In conclusion he says, “I might think about it a little, but if I can’t figure it out, then I go to something else. But I don’t have to know an answer. I don’t feel frightened by not knowing things, by being lost in a mysterious universe without having any purpose, which is the way it really is, as far as I can tell, possibly. It doesn’t frighten me.”

In this passage he acknowledges the universe is complex and, as far as he can tell, gives no evidence of having a purpose. We can pose many questions about how and why it works, but our desire for answers, our fear of not knowing, and our desire for things to have a purpose is of no consequence to the way things are.

As brilliant and hard working as Feynman was, he knew having all the answers was beyond his grasp. Science is essential to discovery and each generation has brought us greater clarity on the answers to difficult questions. But, just because we yearn for it, we aren’t guaranteed complete understanding.

Those who knew Feynman marveled at his passion to learn, yet he would not compromise himself by pretending he understood something he did not. He wanted to grow his knowledge, but not at the cost of incorporating false premises into his vision of the universe.

Feynman was critical in bringing about insights that continue to inspire models of the fundamental processes of nature. Quantum electrodynamics gave a unified explanation for electromagnetic interactions of elementary particles while accounting for their quantum mechanical nature.

His methodologies continue to inspire models of other kinds of interactions and their associated particles. Without the insights his work inspired we would not have advanced as far as we have in understanding the basic processes of nature.

Importantly, he introduced a visual method for displaying the results of complex calculations. These Feynman diagrams are now a routine part of the language of elementary particle physics.

Despite the rigor required for advancements in the theoretical and experimental sciences, a vivid imagination is still necessary. Nature is what it is. If that means we must imagine mechanisms unfamiliar to our everyday experience, so be it. Sometimes that means being able to visualize something from another perspective.

I once heard a Feynman interview in which he talked about his childhood. He talked about how, at an early age, when discussing some everyday event he could change perspectives. He would imagine how the event might look if he were very much bigger or smaller than he actually was.
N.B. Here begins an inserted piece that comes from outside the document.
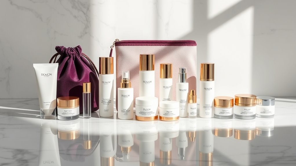 Have you ever considered how the packaging of a luxury skincare set can influence your overall experience? Elegant, high-quality packaging not only looks stunning but also enhances the product’s perceived value and gift appeal. If you’re always on the go, look for sets with portable, travel-sized bottles and compact jars that fit easily into your bag. It’s essential that the packaging is secure and leak-proof to prevent spills and keep products fresh during transport. Eco-conscious buyers will appreciate recyclable or eco-friendly materials that reduce environmental impact. Additionally, user-friendly features like pump dispensers and minimal waste can make application easier and more hygienic. Thoughtful packaging and portability ensure your anti-aging routine remains seamless, whether at home or traveling.

He described going on walks in the woods with his father and identifying birds. Since in China or India a bird might have different names than what we called it, he thought knowing the names was superficial and unimportant. What was important was understanding how those birds lived and their relationships with their environment.

We are fortunate to have had Richard Feynman, a person who could both make original contributions and communicate those findings to a broad audience.

Feynman could not have been the scientist he was had he not derived intense personal “pleasure in finding things out.” Nor could he have achieved his insightful understanding of nature had he not acknowledged nature as being independent of his wishes. His commitment to objectivity gave him the only peace of mind he required.